Given information: Begin

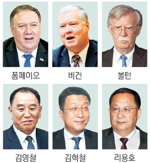 28일 베트남 하노이에서 열린 도널드 트럼프 미국 대통령과 김정은 북한 국무위원장 간의 ‘북핵 담판’에는 두 정상의 최측근 참모들이 배석했다. 미측에서는 마이크 폼페이오 국무장관, 북측에서는 김영철 노동당 부위원장이 배석하면서 두 사람이 미·북 관계를 총괄하는 최고 실무 책임자인 ‘키맨’임을 증명했다.
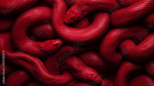 Fototapeta premium Red snakes intertwining in a vibrant display of color and texture, showcasing...
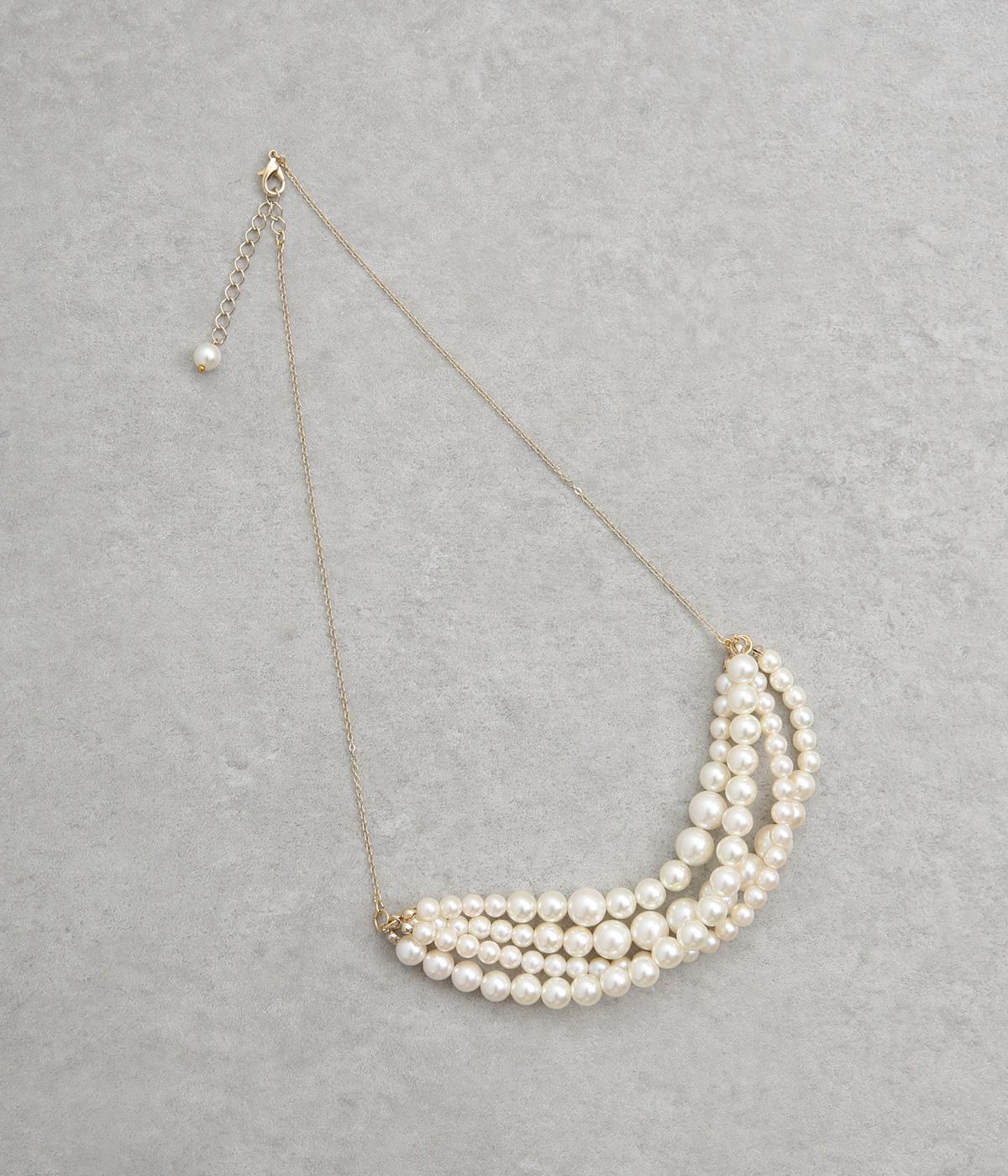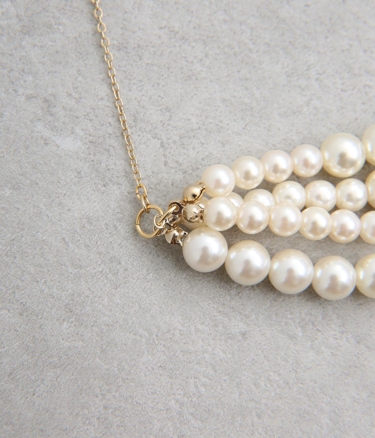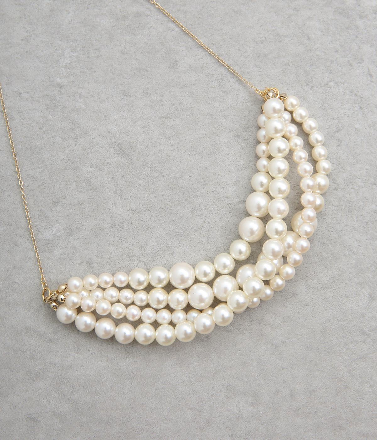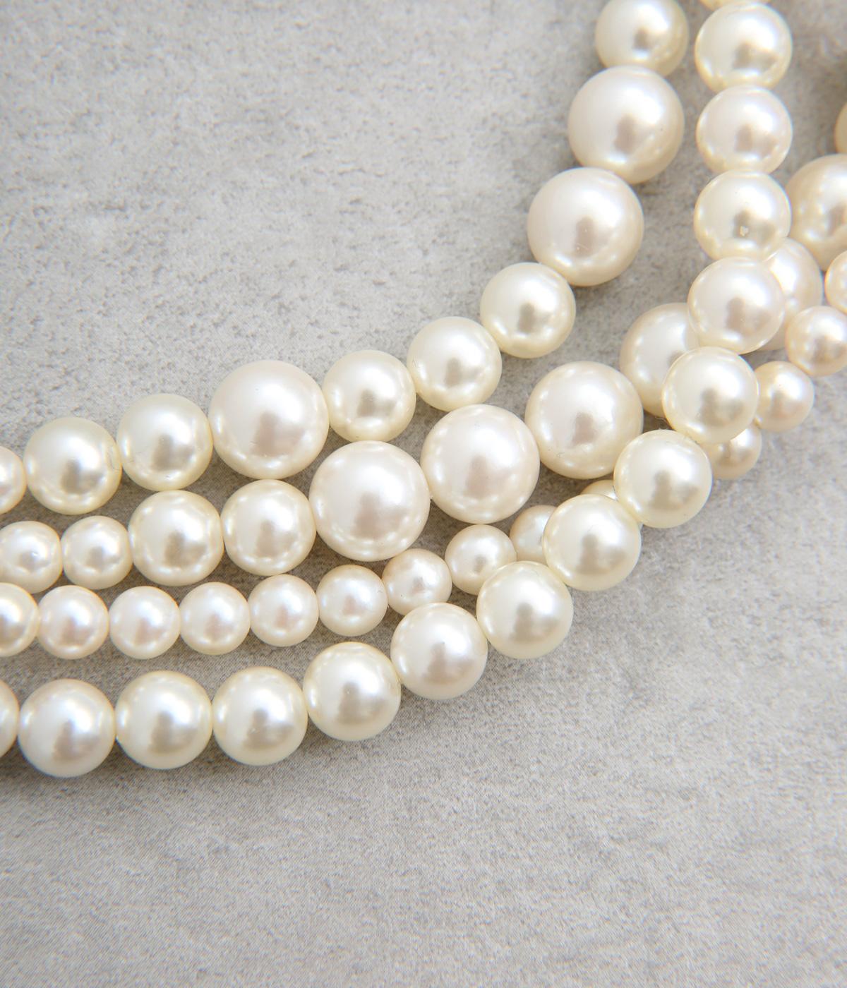 粒の大きさが異なるパールを四連に重ね、奥行きのある美しいボリュームを演出しました。中央にパールを集めたデザインが、華やかさと上品さのバランスを整えます。華美すぎないほどよい存在感なので、シーンを問わずに使える万能なネックレスです。
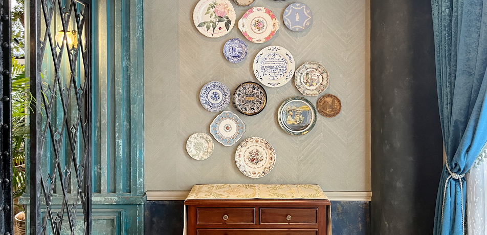 ヘリンボーン柄の明るいブルーの壁紙をベースに装飾された壁面が素敵コーディネート。

Given information: End

*Exercise brief*:
Restate the whole listing above exactly, please, omitting every image.

*Response to this task*:
 28일 베트남 하노이에서 열린 도널드 트럼프 미국 대통령과 김정은 북한 국무위원장 간의 ‘북핵 담판’에는 두 정상의 최측근 참모들이 배석했다. 미측에서는 마이크 폼페이오 국무장관, 북측에서는 김영철 노동당 부위원장이 배석하면서 두 사람이 미·북 관계를 총괄하는 최고 실무 책임자인 ‘키맨’임을 증명했다.
 Fototapeta premium Red snakes intertwining in a vibrant display of color and texture, showcasing...
 粒の大きさが異なるパールを四連に重ね、奥行きのある美しいボリュームを演出しました。中央にパールを集めたデザインが、華やかさと上品さのバランスを整えます。華美すぎないほどよい存在感なので、シーンを問わずに使える万能なネックレスです。
 ヘリンボーン柄の明るいブルーの壁紙をベースに装飾された壁面が素敵コーディネート。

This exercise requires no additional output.